Trusts Used For Asset Protection
We have seen that trusts to avoid probate have very modest requirements because avoiding a court process at death producing an actual cost saving for the state by reducing the use of valuable court resources. Tax Trusts, on the other hand cost the government revenue so the restrictions on various tax saving techniques are generally tightly prescribed.
What about trusts used for asset protection? Are the rules very restrictive for these types of trusts? In general, the answer is that we are now permitted considerable flexibility in structuring asset protection trusts. There is much greater freedom in our design than is available for Tax Trusts.
Unlike Tax Trusts the government is not an adverse party in the asset protection arena. It has no direct stake in the outcome of litigation between two private parties. The government does have a legitimate interest in promoting the flow of commerce. It is pretty well agreed that encouraging the flow of business and commerce is an important role of government.

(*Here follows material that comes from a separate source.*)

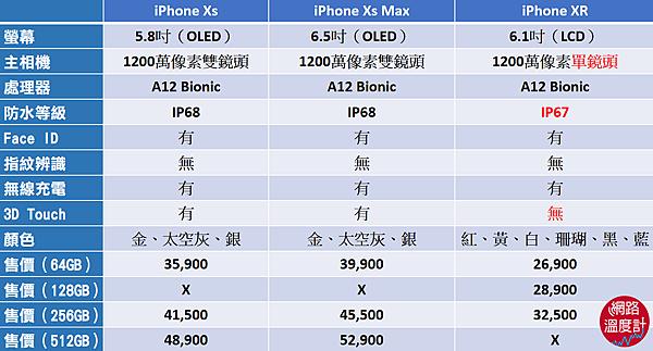 iPhone XS 、iPhone XS Max、iPhone XR價格售價手機顏色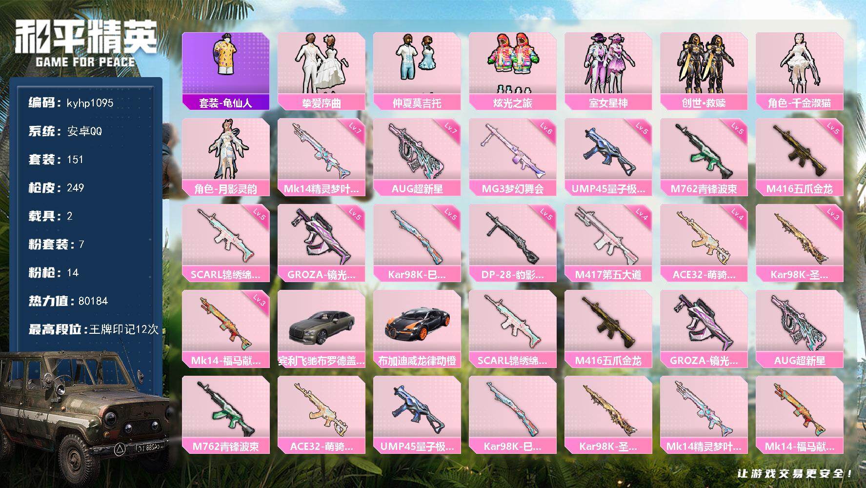 PX_2544274--5粉装-4特效枪-0载具-4粉色飞行器-36823热力值-5王牌印记-82套装-127枪皮 【热门品类】:角色-军刀雅典娜,角色-忠猛周仓,角色-Mark.06,大砍刀-青龙偃月刀,撬棍-龙胆亮银枪 【粉色套装】:粉装-金风玉露,粉装-暗夜鎏金,角色-小蓝,角色-花灵,角色-异瞳寒姬 【粉色枪皮等级】:SCAR-L-锦绣绵绵(五级),Kar98K-巳巳如意(五级),DP-28-圣堂

To this end, public policy has developed over the years which favors limiting personal liability from business activities but does not permit one to avoid legitimate debts and obligations. In other words, operating your business and personal affairs to minimize the risk of unexpected loss is sound financial management. Each state sanctions the use of trusts, corporations, Limited Liability Companies and Limited Partnerships in order to control personal liability for unanticipated obligations. What is not permitted is for individuals or businesses to abandon existing obligations or refuse to pay the debts they incur. The Fraudulent Transfer rules of every state prohibit attempts to defraud creditors by hiding or transferring property.

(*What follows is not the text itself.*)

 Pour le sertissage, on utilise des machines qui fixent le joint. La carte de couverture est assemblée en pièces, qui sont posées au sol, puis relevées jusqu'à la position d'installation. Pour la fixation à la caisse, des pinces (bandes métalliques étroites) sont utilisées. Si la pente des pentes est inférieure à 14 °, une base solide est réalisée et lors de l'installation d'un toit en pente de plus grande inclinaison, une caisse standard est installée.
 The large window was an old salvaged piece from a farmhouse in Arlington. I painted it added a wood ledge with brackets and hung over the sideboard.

As long as we act within the boundaries of the Fraudulent Transfer rules, we have considerable latitude in preparing a trust to accomplish asset protection goals. If we attempt to combine asset protection with tax savings we are handicapped by the stricter rules limiting the administration of Tax Trusts. When our primary purpose is asset protection, rather than tax saving, we will make the trust a Grantor Trust – ignored for tax purposes – allowing us the most possible freedom in designing the features of the trust. Unlike the Tax Trust, asset protection laws generally allow us to design effective trusts which maintain the important benefits of property ownership without compromising the quality of the asset protection. There are certainly rules to be followed and traps to be avoided, but as long as we do not violate the Fraudulent Transfer prohibitions we can exercise broad discretion in choosing the terms and features appropriate for any individual circumstances.
The level of government scrutiny and regulation which applies to the formation of trusts for business and personal planning depends upon the level of government interest in the particular activity. The use of trusts to avoid probate is favored because that reduces the cost and burden on the court system. Trusts for tax saving directly reduce revenue so permissible uses and features are more restricted. Asset protection trusts are revenue neutral and are generally permitted as consistent with public policy and proper regard for the rights of creditors.